Als de rechter op de terechtzitting nog moet nagaan of de deskundige wel voldoende gekwalificeerd is, is dat ? zoals ik tijdens het debat reeds aangaf – betrekkelijk laat in de procedure. Meestal heeft de deskundige al gerapporteerd en is zijn geschiktheid al door de rechter-commissaris of de officier van justitie beoordeeld, terwijl aan de verdediging de kans is geboden aanvullend onderzoek of tegenonderzoek te verzoeken. Voor zover de heer De Wit wijst op de praktijk in het buitenland, merk ik op dat vooral in het Angelsaksische adversaire stelsel, waarbij ook vaak sprake is van partijdeskundigen, ter zitting veelal indringend wordt ingegaan op de kwalificaties en de achtergrond van de deskundige. Dit valt in het licht van de praktijk van «cross-examination» goed te plaatsen, maar kan niet zonder meer worden overgeplant in een ander rechtsstelsel met zijn eigen innerlijke consistentie. Terecht wees de heer Teeven op reeds bestaande zittingsvoorschriften die het amendement overbodig maken.

Voor het overige beschikt de rechter op de terechtzitting niet over gegevens aan de hand waarvan hij de door de deskundige opgegeven kwalificaties kan toetsen. Dit leidt weer tot aanhouding en verlenging van de doorlooptijden.

Ik meen met verwijzing naar het bovenstaande en naar hetgeen ik in eerste termijn heb opgemerkt dat dit amendement niet tot verbetering van het wetsvoorstel zal leiden en om die reden onwenselijk is.

Positie NFI

Rol NFI in relatie tot de tegendeskundige

De heer De Wit vroeg zich af of het NFI wel echt onpartijdig kan zijn als het vanaf het eerste moment bij de opsporing betrokken is.

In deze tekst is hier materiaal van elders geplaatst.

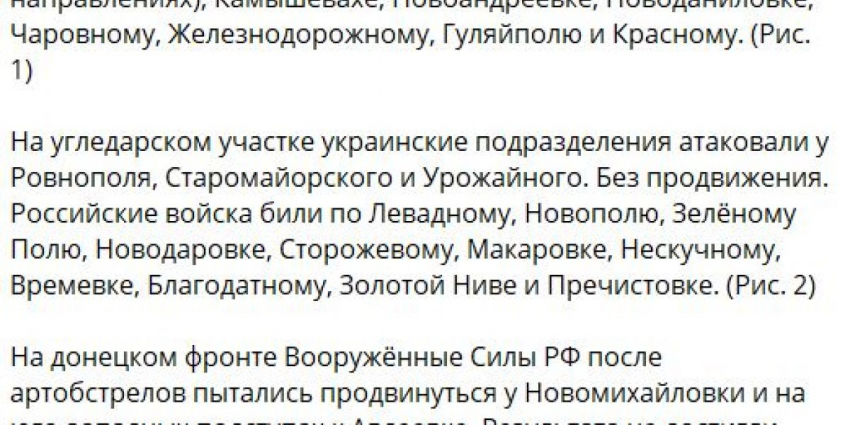 ВСУ на Угледарском участке атаковали в районах Ровнополя, Старомайорского и Урожайного, продвинуться не сумели. На Донецком фронте российские войска вели наступление у Новомихайловки и на юго-западных подступах к Авдеевке. Кроме того, военкор Семен Пегов сообщает о контратаке ВС РФ у Орехово-Василевки на Артемовском направлении.

In het algemeen wordt het onderzoek op de plaats van het delict, zoals het veiligstellen van sporen, door de politie uitgevoerd; dit behoort tot het reguliere opsporingsonderzoek. Niettemin is het in sommige gevallen noodzakelijk dat ter plaatse gebruik wordt gemaakt van personen die in het bezit zijn van gespecialiseerde kennis, zoals forensische archeologie, bijvoorbeeld ten behoeve van opgravingen. De politie beschikt zelf vaak reeds over zeer veel specialistische kennis bij de opsporing, zoals kennis omtrent vuurwapens, explosieven en synthetische drugs. Ook het NFI verricht op verzoek van de politie onderzoek dat direct ten behoeve van de opsporing is, zonder dat daarbij sprake is van deskundigenonderzoek in de strikte zin van de onderhavige wettelijke regeling. Zo verleent het NFI bijstand aan forensische opsporing op de plaats van het delict, waarbij het veelal gaat om onderzoek naar sporen, vezels e.d. In het kader van het programma versterking opsporing en vervolging zijn de bestaande forensisch-technische normen (FT-normen) doorgelicht op validiteit in het licht van recente inzichten en ontwikkelingen. Daarnaast zijn nieuwe FT-normen ontwikkeld en ingevoerd voor het vervoeren en bewaren van stoffelijke overschotten, het vastleggen van secties, het inschakelen van forensisch geneeskundigen, de lijkschouwing en de letselbeschrijving en de opslag en het beheer van sporendragers. De ontwikkeling van een landelijk spoorvolgsysteem is in de fase van afronding. Voorts zijn er zeven front-offices geopend onder de naam van «Forensische Samenwerking in de Opsporing».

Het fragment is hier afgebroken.